> **Directions for this task**
Output, exactly and in full, only the lines from the one containing "冬意渐浓,薪火相传。为进一步" to the last line of the data. Pictures should not appear.

> **Collected material**
--- START ---

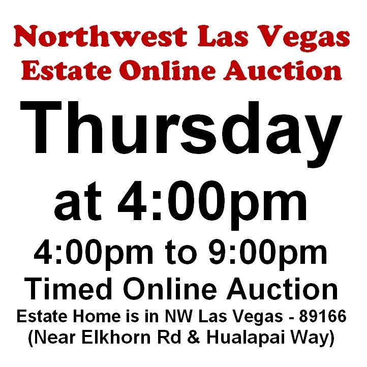NORTHWEST LAS VEGAS ESTATE ONLINE AUCTION Estate Home is in Northwest Las Vegas - 89166 (Near Elkhorn Rd & Hualapai Way) https://lasvegasauction.hibid.... A STERLING ESTATE SALES AUCTION HOSTED BY CLARK COUNTY PUBLIC AUCTION Thursday, February 5th at 4:00pm (4:00pm to 9:00pm) (Near Elkhorn Rd & Hualapai Way) TIMED ONLINE AUCTION WITH DUDLEY!!! https://lasvegasauction.hibid.... Live Preview: THURSDAY, February 5th from 9:00pm-3:00pm STOP BY AND PREVIEW SALE THURSDAY!! Text us Preview Day" at (702) 630-5357 to Request Preview Appointment & Address. (Near Elkhorn Rd & Hualapai Way) PARTIAL LIST: Furniture, Patio Furniture & Pottery, Ceramic & Fine Porcelain Items, TV's, Tools, Appliances,...
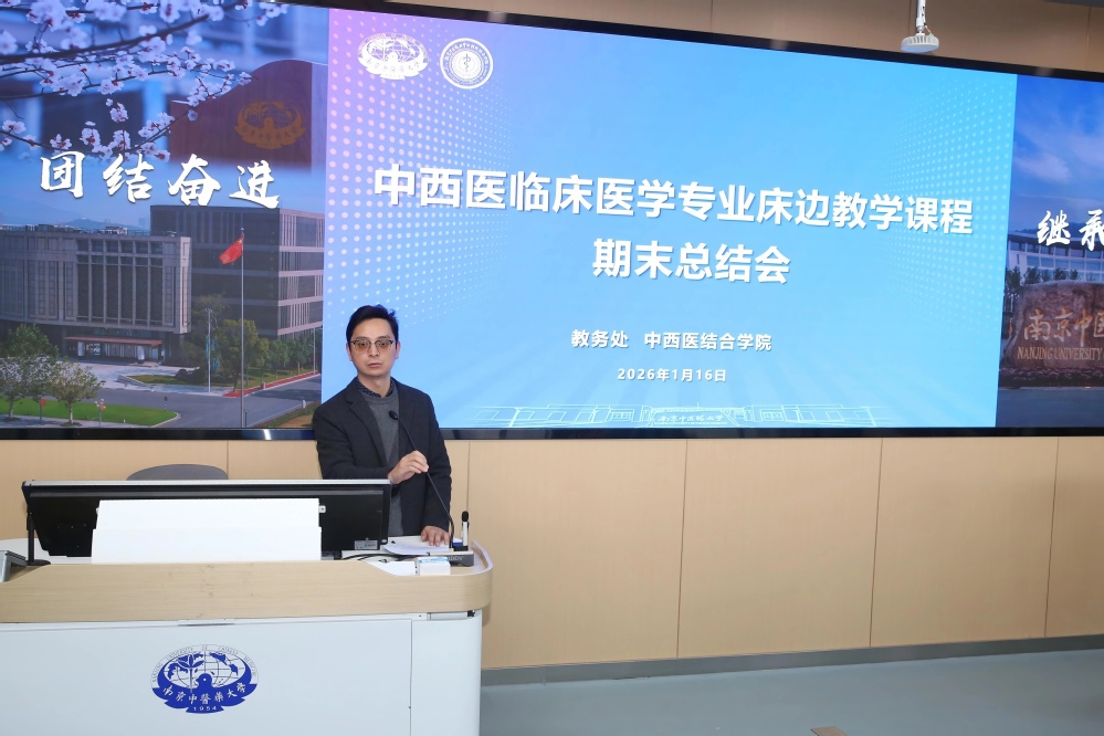 冬意渐浓,薪火相传。为进一步规范床边教学管理,提升课程教学质量,推进大教研室运行机制落地见效,1月16日,南京中医药大学教务处与中西医结合学院联合在仙林校区举办2025-2026学年第一学期中西医临床医学专业床边教学课程期末总结会。教务处处长陈志鹏、教学基地办公室科长刘佳章,中西医结合学院党总支书记蒋燕、副院长陶伟伟,学院全体专任教师及6家床边教学点的任课教师代表、科教科负责人参会,会议由陶伟伟主持。
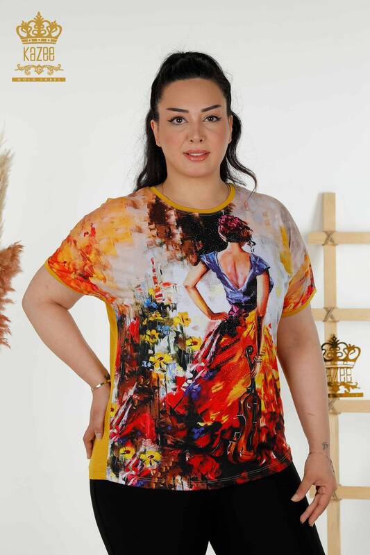 فروش عمده بلوز زنانه آستین کوتاه سنگ دوزی چاپ دیجیتال - 12092 | KAZEE

--- END ---

> **Result below**
 冬意渐浓,薪火相传。为进一步规范床边教学管理,提升课程教学质量,推进大教研室运行机制落地见效,1月16日,南京中医药大学教务处与中西医结合学院联合在仙林校区举办2025-2026学年第一学期中西医临床医学专业床边教学课程期末总结会。教务处处长陈志鹏、教学基地办公室科长刘佳章,中西医结合学院党总支书记蒋燕、副院长陶伟伟,学院全体专任教师及6家床边教学点的任课教师代表、科教科负责人参会,会议由陶伟伟主持。
 فروش عمده بلوز زنانه آستین کوتاه سنگ دوزی چاپ دیجیتال - 12092 | KAZEE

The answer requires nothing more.